Among papers with the biggest spreads, Argentine corporate bonds performed the strongest in 2022, especially the state-owned oil company YPF, in a year of significant operational improvements, increase in guidance and an energy sector with incentives to export and the focus of investment despite record inflation. Certain provinces also stood out, along with the government utility Agusan and Aeropuertos Argentina 2000, where international traffic recovered strongly despite the currency’s depreciation. The Argentine government managed to sign a new agreement with the IMF and the Club of Paris earlier this year, allowing reserves to be accumulated in the Central Bank to cover gas imports during the winter, at historically high prices.
Defaults were controlled and less than initially expected, restricted to specific credit histories rather than generalized asset class factors.

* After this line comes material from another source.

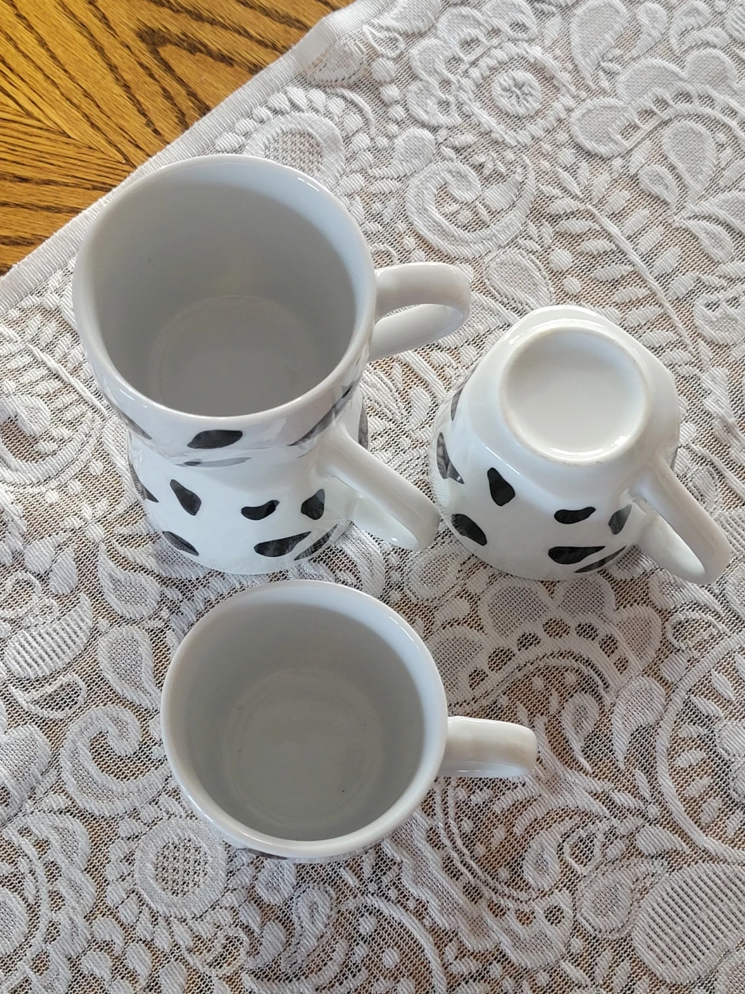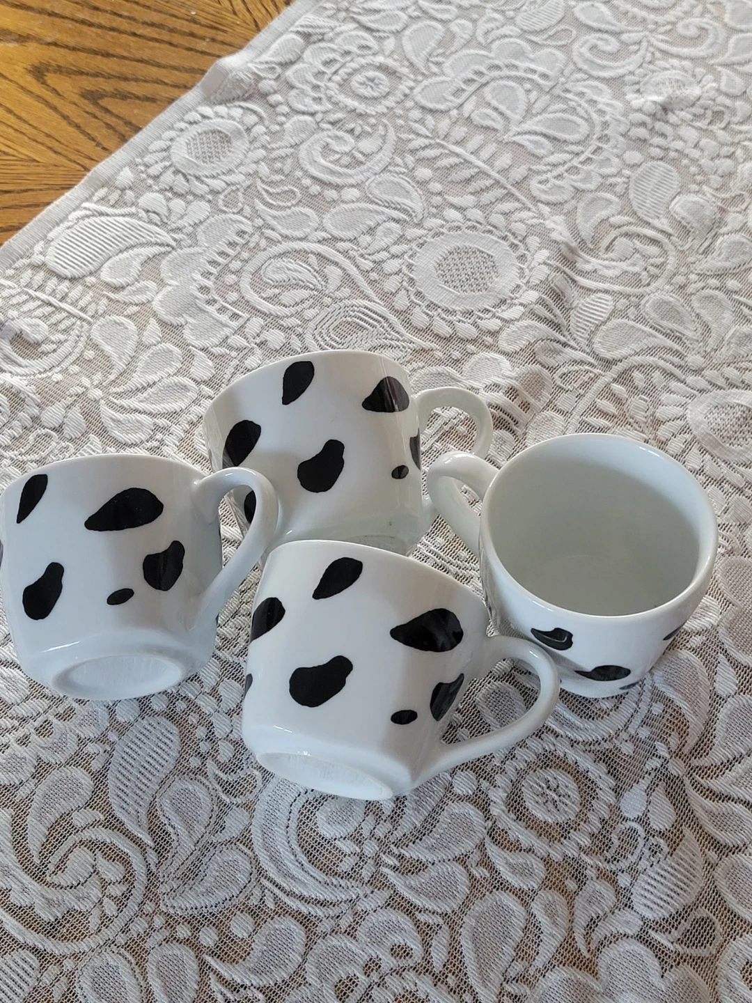 Set of 4 White Mugs with cow print. Farmhouse

The worst performers were Mexican non-bank financial companies, with Crédito Real and Unifin falling into default. Beyond these names, stressed apers were also under a lot of pressure, like those of the telco Oi, despite the sale of assets during its restructuring process. Along the same lines, the Central American communications firm Digicel fell 50%, approaching a new restructuring due to the challenging short-term maturities it faces.
The primary market was closed to most issuers and around USD 40 bn were issued, about 50% less than the average of the last 10 years. With maturities, buybacks and tenders worth USD 64 bn, net supply of bonds contracted strongly in the region, reducing debt stock by 5%. It should be noted that the presence of sustainable and green bonds remains high, representing 30% of total issues.
We expect a considerably better year in 2023. On the one hand, the yield is high (9-10%) as a result of the negative performance in 2022 and the accrual will therefore be a positive factor, in a 2023 in which base rates are much closer to their peak and a good part of the increases are already reflected in the curve.
For its part, the political front next year looks clear, with presidential elections only in Argentina and where a change in course is strongly favored in the polls. For its part, Chile will face another constitutional process, but this time it seems to be marked by greater moderation and widely accepted foundations. Meanwhile, inflation is on track to being controlled in domestic economies, which creates room for local rate cuts by the end of the year, boosting economies and improving access to local financing for companies.
Though the region's growth will likely slow to 1.7%, it will be backed by the easing of restrictions in China, which gained strength in the final months of the year. In addition, defaults would be controlled and focused on the specific situations of stressed corporate bonds, with the rest of companies showing strong fundamentals. Thus, a recovery in the appetite for risk and inflows to the region can be expected, laying the groundwork for what we expect to be a very good 2023 for the asset class.
Regarding our position, we maintain a greater focus on high yield instruments, prioritizing Brazil and Mexico over the Andean region and betting on companies with solid fundamentals that allow us to capture good returns in the face of the imminent base rate correction.